The above picture is a snip it of my spreadsheet. Based on the date is column K I need the row to change Green when the date is past. The date is not always the same. I would like this function of highlighting the row to happen automatically when I open the spread sheet every day.


----------



## mumps (Jan 2, 2023)

To follow up on @Joe4's suggestion:
Select all the data
In the "Home" tab, click on "Conditional Formatting"
Click "New Rule"
Click "Use a formula to determine which cells to format" 
Enter this formula:  =AND($K1<NOW(),$K1<>"")
Click "Format" and select the fill colour
Click "OK" to exit all pop ups.


----------



## BillieKopecky2022 (Jan 2, 2023)

I typed in the formula you suggested, and it didn't work.


----------



## mumps (Jan 2, 2023)

It worked for me.  Make sure you follow the steps exactly as listed.


----------



## BillieKopecky2022 (Jan 2, 2023)

Okay sorry I got it to work.
 The problem is I need the row to change as the date in column K passes. When I used the formula, it highlighted all the rows immediately.


----------



## mumps (Jan 2, 2023)

BillieKopecky2022 said:


> I need the row to change Green when the date is past


The formula compares the dates in column K to today's date.  If any date in column K is before today's date, that row will be coloured in green.  In Post #3 you posted a picture.  It is hard to work with a picture.  It would be easier to help if you could use the XL2BB add-in (icon in the menu) to attach a screenshot (*not a picture*) of your sheet.  Alternately, you could upload a copy of your file (de-sensitized if necessary) to a free site such as www.box.com or www.dropbox.com. Once you do that, mark it for 'Sharing' and you will be given a link to the file that you can post here.


----------



## Sufiyan97 (Jan 2, 2023)

Try TODAY() instead of NOW()

Book7ABCDEFGHIJKL121/2/202331/1/2023412/31/202251/3/202367891011Sheet1Cells with Conditional FormattingCellConditionCell FormatStop If TrueK1:K100Expression=AND($K1<TODAY(),$K1<>"")textNO


----------



## BillieKopecky2022 (Jan 4, 2023)

Excel help.PNG
					

Shared with Dropbox




					www.dropbox.com
				




Here is the link.
I believe I have the formula in. I have multiple formulas for cell K and only one is working. How do I make sure all the formulas are working?


----------



## BillieKopecky2022 (Dec 30, 2022)

Hello, 
I am new to Excel. I am trying to adjust a spreadsheet so that an entire row will be highlighted when a date in a column (k) is past. The dates in Column K are all different. How do I do this?


----------



## Fluff (Jan 4, 2023)

That link is to an image. What we really need is the actual file, or for you to post your data (including the conditional format rules) using the XL2BB add-in.


----------



## BillieKopecky2022 (Tuesday at 1:22 PM)

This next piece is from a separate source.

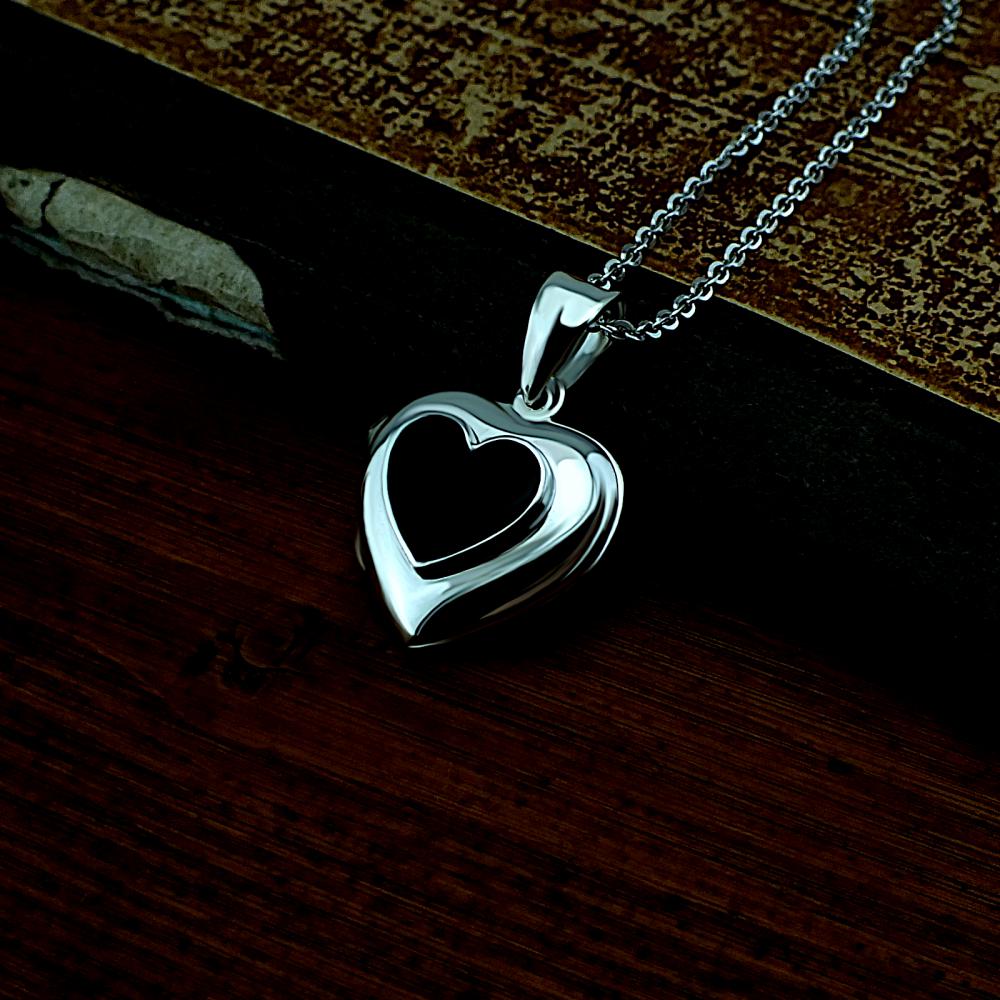 Stříbrný otevírací medailonek zdobený syntetickým onyxem. Přívěsek ve tvaru srdíčka je vyrobený ze stříbra ryzosti 925/1000 v lesklé povrchové úpravě. Do otevíracího medailonku lze vložit dvě fotografie. (fotografie vám rádi do přívěsku vložíme). Na zadní stranu lze vyrýt krátké věnování (miluji tě, k narozeninám, od babičky...). Rytí je už v ceně přívěsku. Požadovanou rytinu nám napište do poznámky v objednávce (třetí krok v košíku). Pokud budete chtít vložit vaše fotografie do medailonku, pošlete nám je emailem s číslem vaší objednávky.
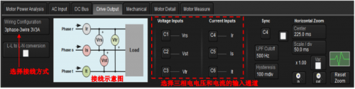 在《利用八通道示波器分析三相交流电》一文中,我们已经了解到如何用示波器测试三相电的有功功率、无功功率、视在功率以及功率因数等参数,对于电机功率驱动电路的输入和输出功率的测量也是相同原理。为了适应多种供电方式,HDO8000能够测量五种接线方式:单相两线制、单相三线制、三相三线制(两瓦特计和三瓦特计)、三相四线制。仪器界面会给出连线示意图,指导使用者如何连接被测信号。同时也提供火线-火线电压到火线-零线电压的转换。图4是设置界面示意。

I tried to add the XL2BB add-in, and it's not supported on the file. How do I upload the actual file?


----------



## Fluff (Tuesday at 1:26 PM)

You will need to upload to a share site such as OneDrive, DropBox, GoogleDrive. Then mark for sharing & post the link you are given to the thread.


----------



## BillieKopecky2022 (Tuesday at 1:29 PM)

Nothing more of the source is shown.